------ Information provided
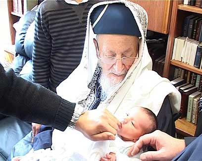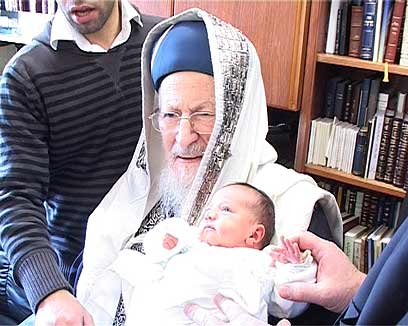 "ויקרא שמו בישראל – מרדכי": הרב הראשי לשעבר מרדכי אליהו אירח היום (ג') בביתו טקס ברית מילה של אחד מתלמידיו ושימש בו כסנדק, זאת לראשונה מאז שוחרר מבית החולים לפני כשלושה חודשים. התינוק שנימול נקרא מרדכי על שמו ולזכותו של הרב, ממנהיגי הציונות הדתית.
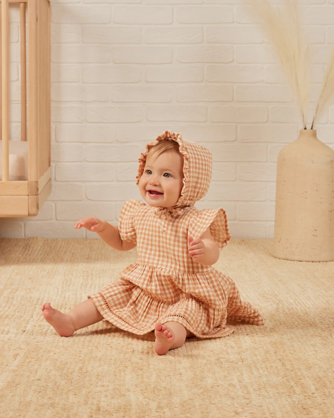 Multiple tiers, ruffles, and trims make up this beautiful short sleeve Belle dress in our organic cotton gauze fabric, complete with button-back neck closure. All sizes include bloomers.
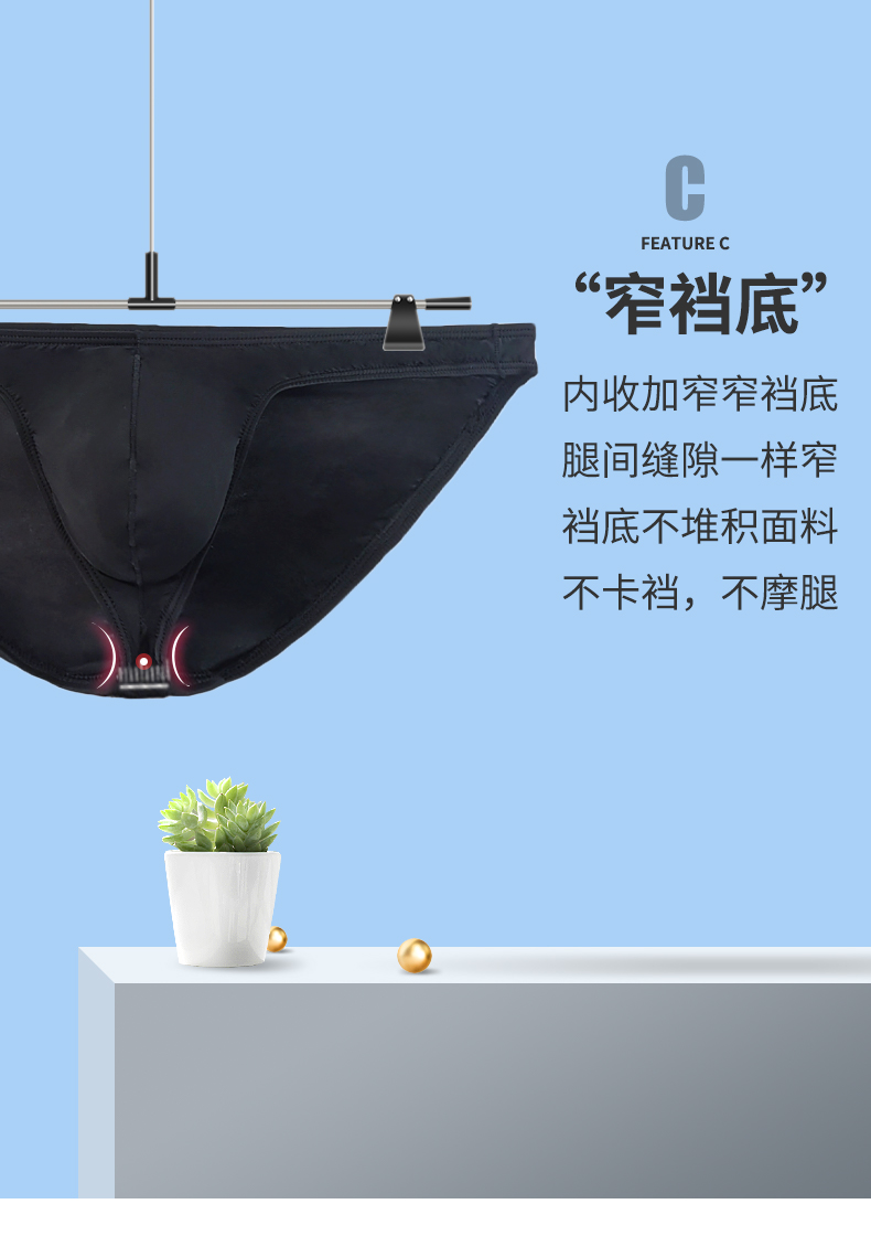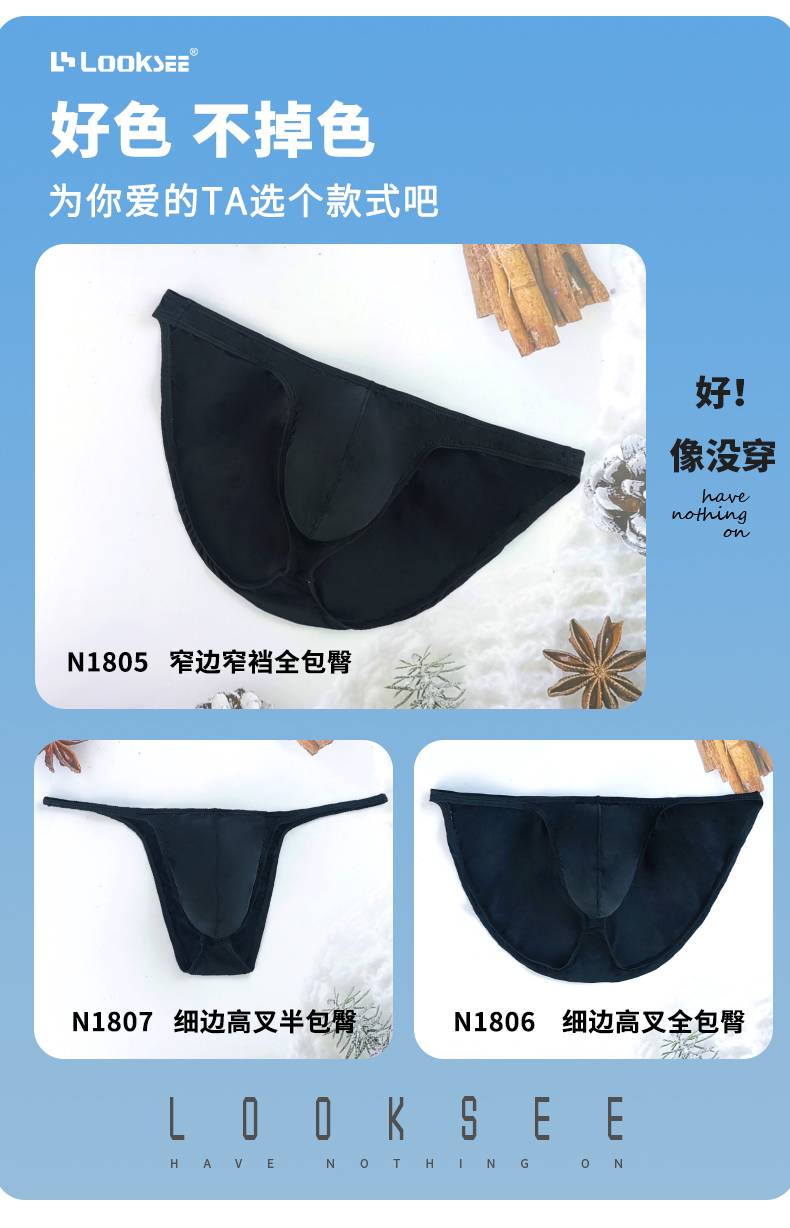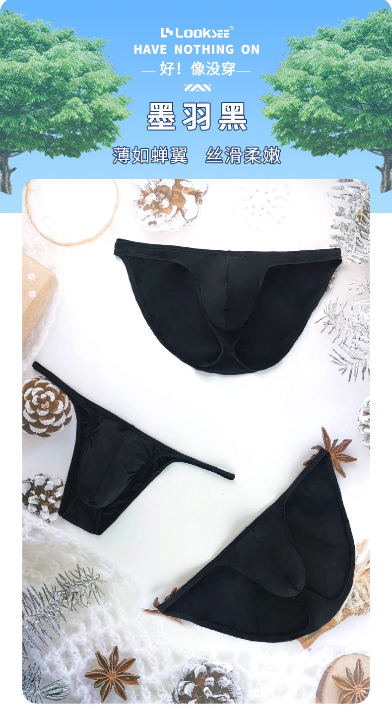 Pure Black Ultra-Thin Ice Silk Low-Rise Thin-Edged Briefs Men's Underwear U-Convex Sexy Semi-Transparent High-Cut
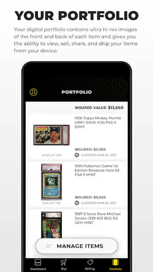 View your entire portfolio on your phone. All cards are listed in a fun and straightforward interface, including insured values for each card and a stated value of your entire vault portfolio.
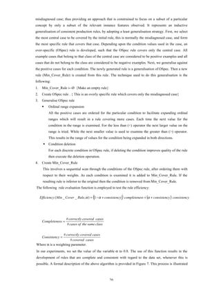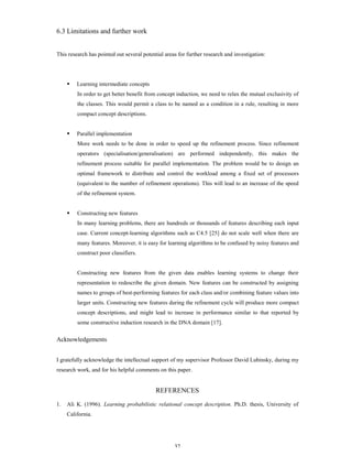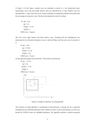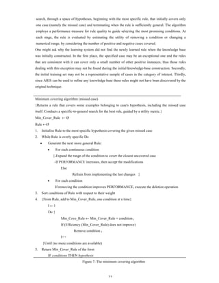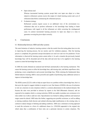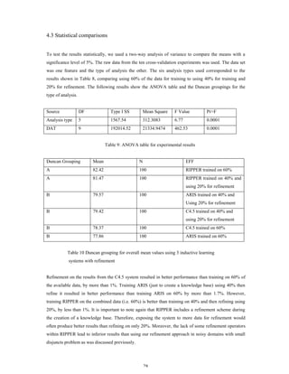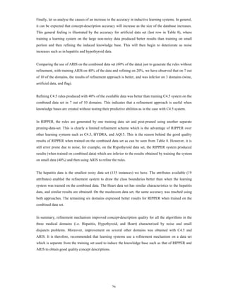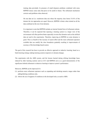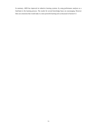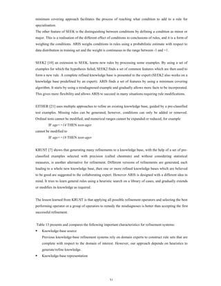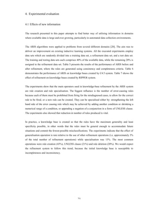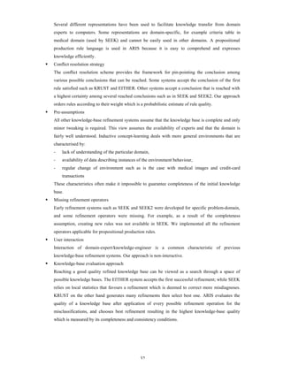 This document summarizes a paper about refining inductive knowledge-based systems through empirical methods. It describes a system called ARIS that interleaves learning and performance evaluation to allow accurate classifications on real-world datasets. ARIS employs an ordering of rules according to their learned weights, which are calculated using Bayes' theorem. The system focuses rule analysis and refinement by heuristics. It has been used to refine knowledge bases from C4.5 and RIPPER, showing improved accuracy and the ability to gradually enhance the knowledge base during refinement.
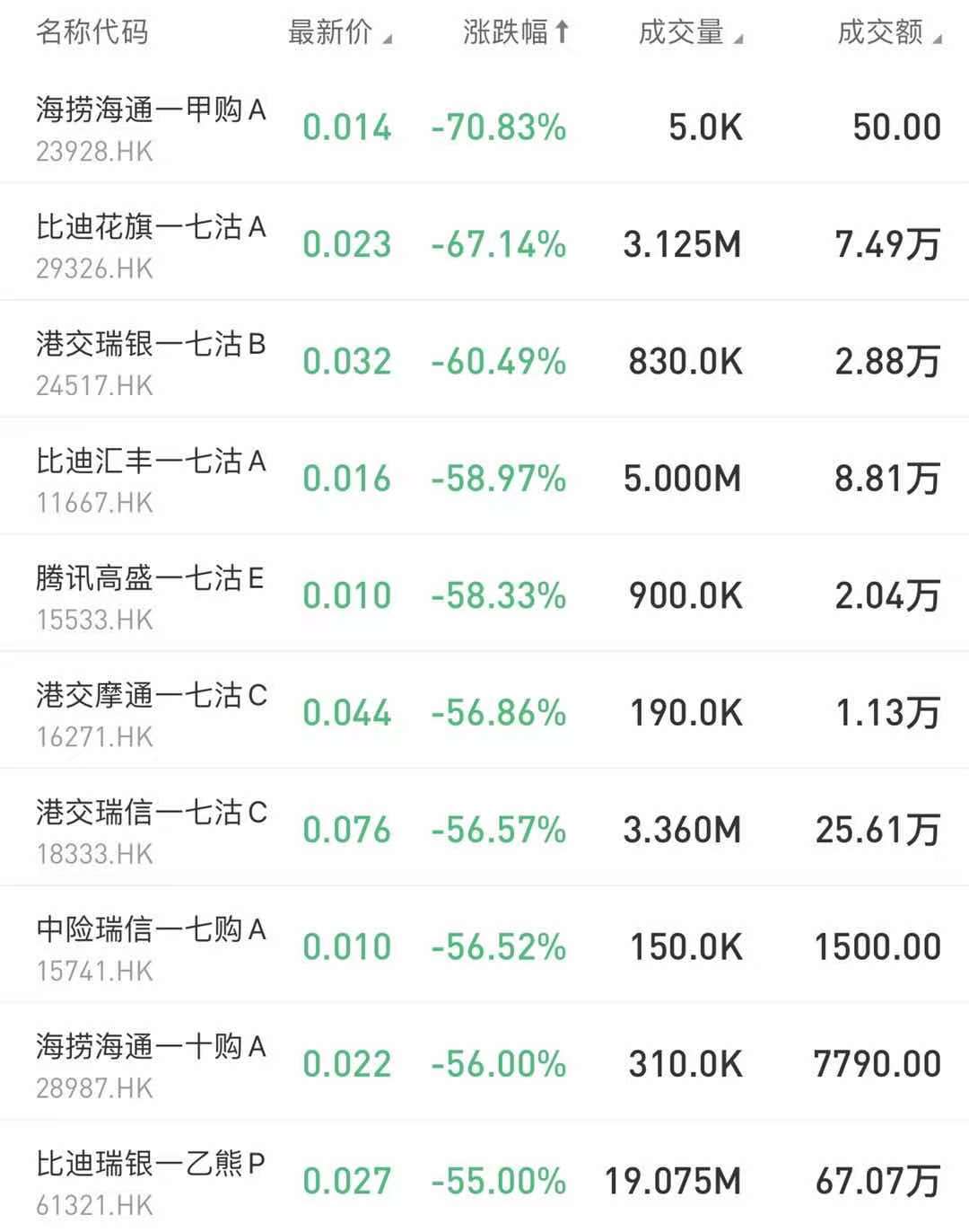 其中,窝轮总成交114.49亿港元,牛熊证总成交68.66亿港元。
------------
Working from the line containing "View your entire" to the last line of the data, retype every line exactly, both ends included, and leave out all pictures.

• [Expected output]
 View your entire portfolio on your phone. All cards are listed in a fun and straightforward interface, including insured values for each card and a stated value of your entire vault portfolio.
 This document summarizes a paper about refining inductive knowledge-based systems through empirical methods. It describes a system called ARIS that interleaves learning and performance evaluation to allow accurate classifications on real-world datasets. ARIS employs an ordering of rules according to their learned weights, which are calculated using Bayes' theorem. The system focuses rule analysis and refinement by heuristics. It has been used to refine knowledge bases from C4.5 and RIPPER, showing improved accuracy and the ability to gradually enhance the knowledge base during refinement.
 其中,窝轮总成交114.49亿港元,牛熊证总成交68.66亿港元。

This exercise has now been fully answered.